### Task details
The lines from the top of the material below through the line containing "Slice the German" are to be printed exactly, with pictures omitted.

### Material provided
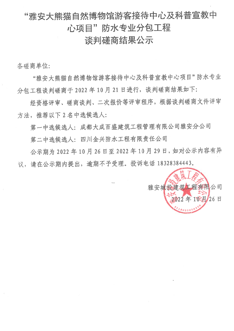 雅安大熊貓自然博物館游客接待中心及科普宣教中心項目防水專業(yè)分包工程談判磋商結果公示
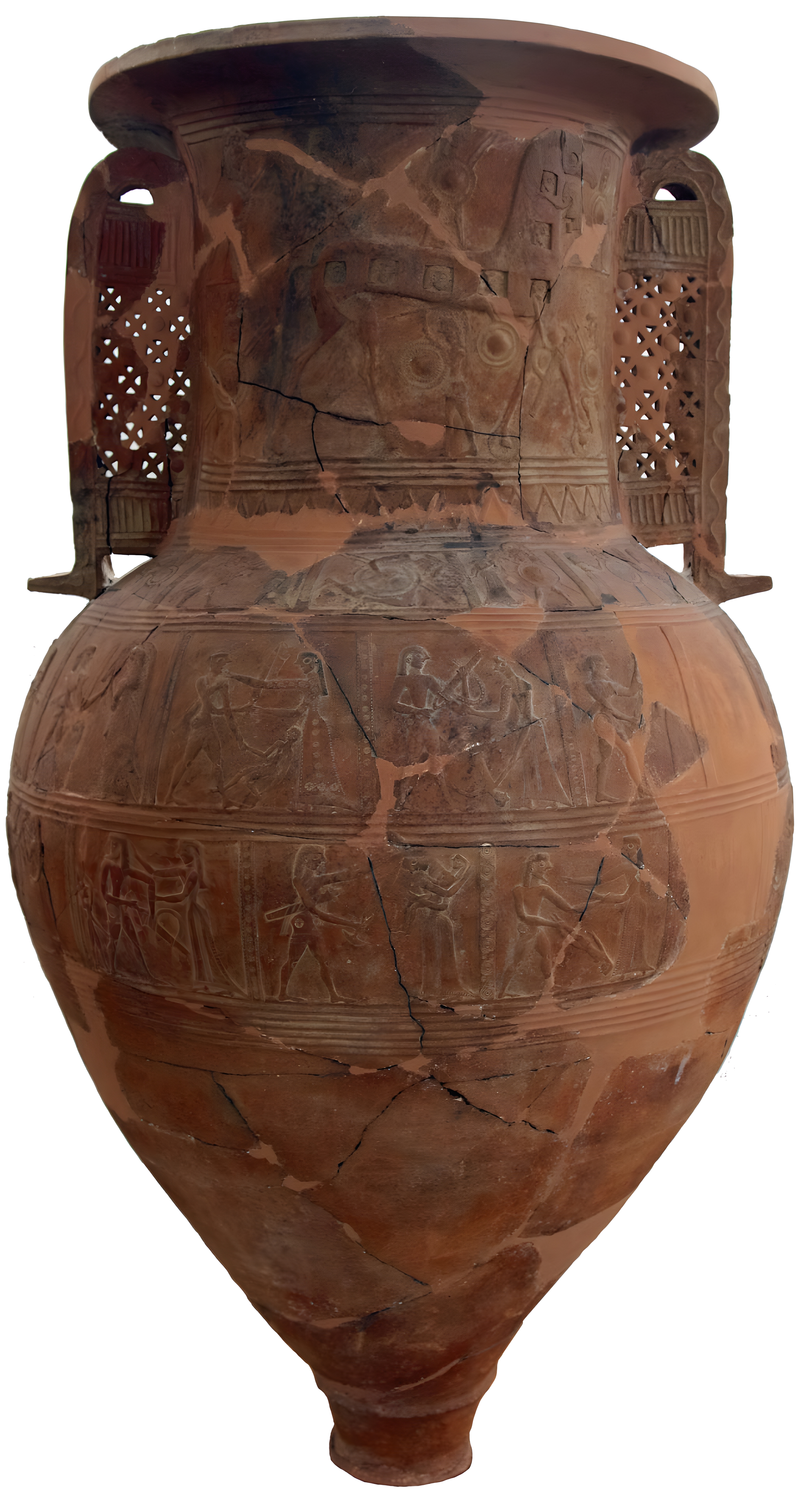 이 미코노스 병 Mykonos vase 은 피토스 pithos 일종으로, 오디세이Odyssey에서 트로이 전쟁 중 트로이 몰락에 대해 호머가 이야기하는 트로이 목마Trojan Horse를 묘사한 최초의 유물 중 하나다.
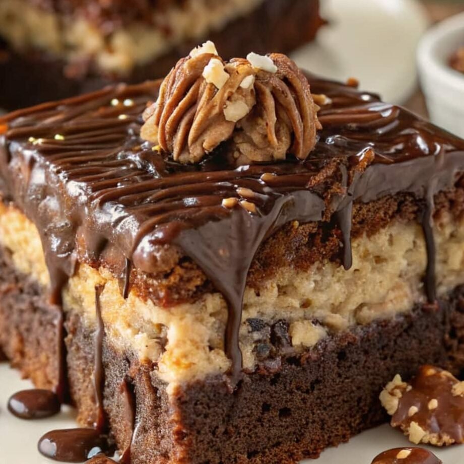 Slice the German Chocolate Poke Cake into squares and serve it on plates. It pairs well with a scoop of vanilla ice cream or a dollop of whipped cream. This cake is great for sharing at parties or enjoying with family after dinner.
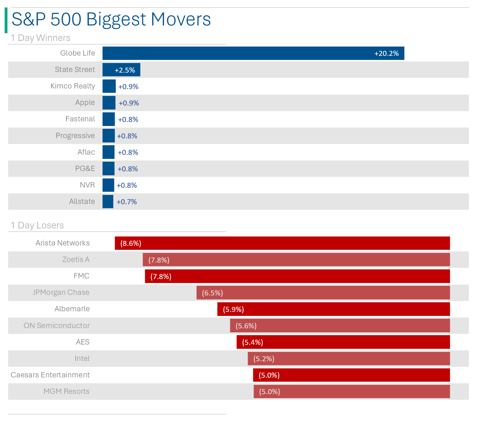 Globe Life (GL) [+20.2%]: Post-close Thursday, issued a statement addressing a short report from Fuzzy Panda Research as self-serving and "wildly misleading." The stock fell ~53% a day earlier following allegations of insurance fraud and executive misconduct.

### Result
 雅安大熊貓自然博物館游客接待中心及科普宣教中心項目防水專業(yè)分包工程談判磋商結果公示
 이 미코노스 병 Mykonos vase 은 피토스 pithos 일종으로, 오디세이Odyssey에서 트로이 전쟁 중 트로이 몰락에 대해 호머가 이야기하는 트로이 목마Trojan Horse를 묘사한 최초의 유물 중 하나다.
 Slice the German Chocolate Poke Cake into squares and serve it on plates. It pairs well with a scoop of vanilla ice cream or a dollop of whipped cream. This cake is great for sharing at parties or enjoying with family after dinner.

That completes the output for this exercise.